The hard-hitting southpaw also expects Morales to stay away from a phone-booth brawl by opening up ring space and moving around a lot.
“There’s a chance he will run,” Pacquiao said. “In fact, if he gets hit hard and feels the pain, he’ll start running.
“I really feel he’s going to attack,” Pacquiao added. “He’s got a lot of pride. We’re going to hurt each other anyway, why not get on with it right away?”
Whatever Morales does, for Pacquiao, it doesn’t matter.
“If he charges but lets his guard down then all the better,” he said, adding such a move will allow him to introduce Morales to his right hook, a new weapon that is slowly becoming as potent as his pet left straight.
And with the knowledge that Morales has trained just as hard, Pacquiao said that at the final bell, win or lose, he will have no excuses.

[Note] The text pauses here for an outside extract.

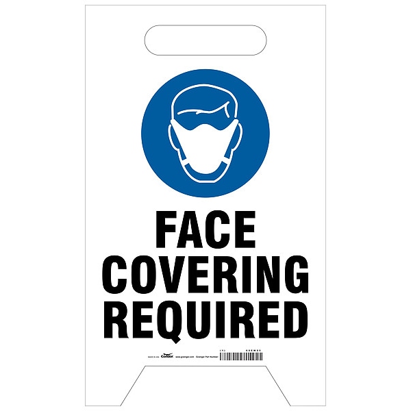 A-Frame Standing Floor Sign, Sign Subject Matter Social Distancing, Height 19 in, Width 12 in, Sign Material Plastic, Sign Mounting Style Free-Standing Floor, Header No Header, Legend Face Covering Required, Printed Language English
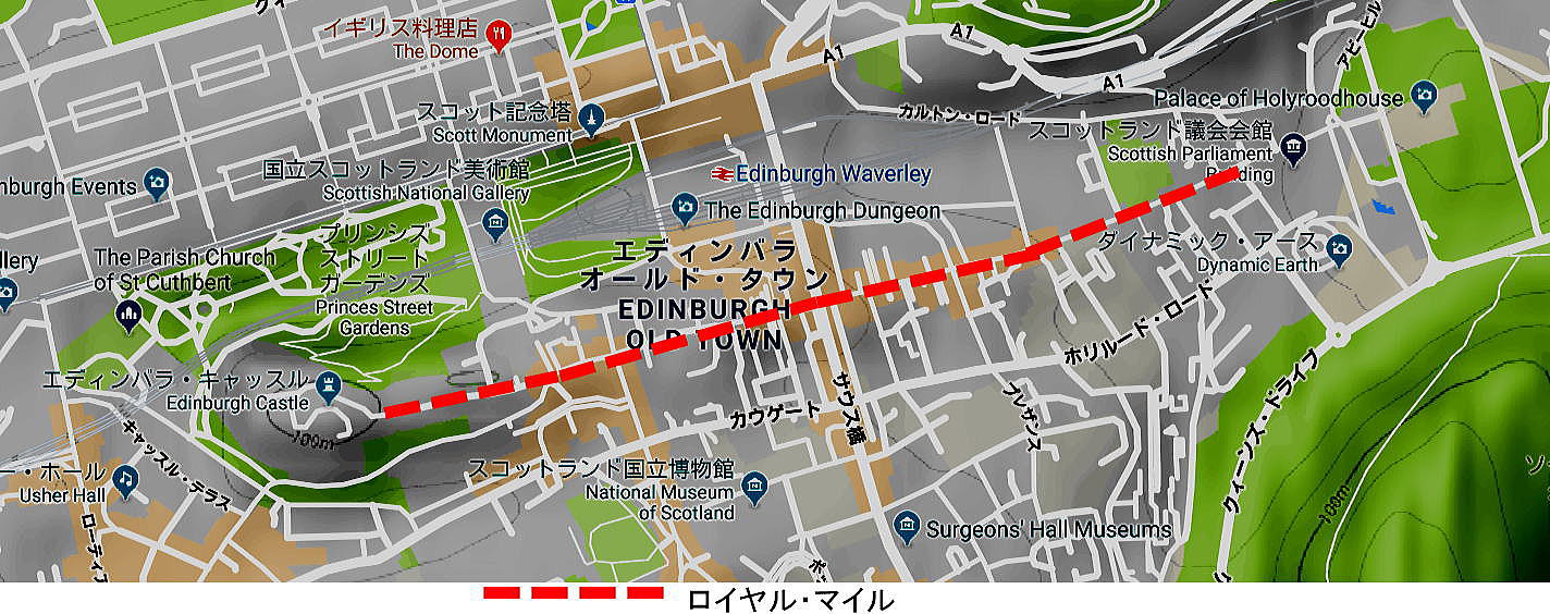 | ロイヤルマイルを構成する通りの部分は、上の地図にあるように、西から東へ、キャッスルヒル、ローンマーケット、ハイストリート、キャノゲート、修道院の各道路があります。 ロイヤル・マイルはニュータウンのプリンセス通りに匹敵する旧市街で最も繁華街の通りです。またロイヤルマイルは、エディンバラ市の中心部にあり、世界遺産の一部となっています。 ※ニュータウンのプリンセス通り エディンバラの目抜き通り。由緒あるデパートを始め、ウールやキルト 専門店、ファッション、レストランなどが密集し、洗練された活気に溢 れています。通りの南側には建物がなく、オールドタウンやエジンバラ城 がパノラミックに広がります。 下の写真は旧市街のトロン・カークの前を通り、ロイヤル・マイル通りの東方向を撮影したものです。たくさんの歴史的建築物、建造物が所狭しと並んでいることがわかります。 ![]() 旧市街のトロン・カークの前を通り、ローヤル・マイル通りの東方向を見たところ。 Source:Wikimedia Commons ◆ロイヤル・マイルの地理 数千年前の氷床が後退したことにより、エディンバラ城が建てられている堅い岩でできた火山の火口の後ろ側に氷の残骸を堆積させ、その結果、独特の岩と尾のような形状が形成されました。 ロイヤル・マイルは、岩の東側(城の岩)を走って、穏やかにホーリー・ルード宮殿に向かう尾根にあります。 主要な幹線道路から数多くの高地(または建物の建物)の間を行き来する急峻な路地があります。このルートは、宮殿の海抜42メートルの標高から、城の標高109メートルまで平均4.1%の勾配で走っています。 ◆キャッスル・エスプラネードとキャッスルヒル ![]() キャッスルヒル Source:Wikimedia Commons キャッスルヒルは、ディンバラ城近くのローヤルマイルの一部です。旧ヴィクトリア朝教会の建物はハブと呼ばれ、エディンバラ国際フェスティバルの案内所(インフォメーション・サービス)となっています。 右側には、スコッチ・ウィスキー体験施設があり、左側にはカメラ・オブスキュラ・タワーと店が並んでいます。 ※:カメラ・オブスキュラ・タワー( Tower & Camera Obscura) カメラ・オブスキュラ・タワーは、エディンバラを代表する人気の観光 スポット。もともと商業施設として1856年に建てられた展望台「アウト ルック・タワー」に「カメラ・オブスキュラ」を備えたアトラクションです。 カメラ・オブスキュラ・タワーは、ホリールードハウス宮殿まで続くロイ マイルの歴史的な石造りの建物が並ぶエディンバラの代表的な観光 スポット「ロイヤル・マイル沿いにあり、エジンバラ城に近いスコッチウイ スキー博物館(The Scotch Whisky Experience)の反対側にあります。 ※スコッチ・ウイスキー・エクスペリエンス (The Scotch Whisky Experience) スコッチ・ウイスキーに関する博物館。電動カートに乗りながら、ウイス キーの歴史や蒸留の工程などを楽しく学ぶことができます。テイスティ ングも楽しみの1つ。併設されているショップでは270種類以上のウイス キーを取扱っている。館内レストランでスコットランド料理も味わえます。 ![]() ハブ(The Hub)の位置 Source:Wikimedia Commons エスプラネードは、1753年にロイヤル・エクスチェンジの建物(現在はシティ・チェンバース)の建物を利用してパレード・グラウンドとして設計されました。 それは1816年に公式化され、装飾された手すりと壁が広げられています。 いくつかのモニュメントを持つエスプラネード(Esplanade)は、「スコットランドの歴史」に登場します。それは特別に設計された一時的なイベント会場が建てられるエディンバラ・ミリタリー・タトゥーの会場となっています。 ※エスプラネード エジンバラ城前の広場です。 エスプラネーについてはエディンバラ城も参照下さい。 ![]() エディンバラ・ミリタリー・タトゥーの会場 出典:グーグルアース3D展開 キャッスル・エスプラネードから、キャッスルヒルと名付けられた短い区間は、以前トールブース・ハイランド・セント・ジョンズ教会が管理していました。現在、それらはエディンバラ国際フェスティバル・ソサエティの本部 - ハブ(The Hub)、 Outlook TowerとCamera Obscuraの北側にあります。 つづく スコットランド総目次へ |

“Once the fight ends [no matter what happens], there’ll be no excuses,” said the 27-year-old pride of Gen. Santos City. “Morales has trained differently this time.”
And so has Pacquiao. He has doubled road work every morning. And he has sparred a total of 157 rounds, the most in his career.
Pacquiao also expects Morales to make the 130-pound weight limit, an issue that has become almost synonymous to the November 18 super featherweight fight at the Thomas and Mack Center.
“I think he’s going to make it,” said Pacquiao (42-3-2, 32 KOs).
Morales (48-4, 34 KOs) is bound by contract to pay $500,000 for every pound he weighs above the weight limit.
Then, with a naughty smile on his face and his eyebrows raised, Pacquiao said: “They moved the weigh-in early. That gives him more time to recover.”
The weigh-in is slated at 2:30 p.m. Thursday. His previous bouts with Morales had 4 p.m. schedules.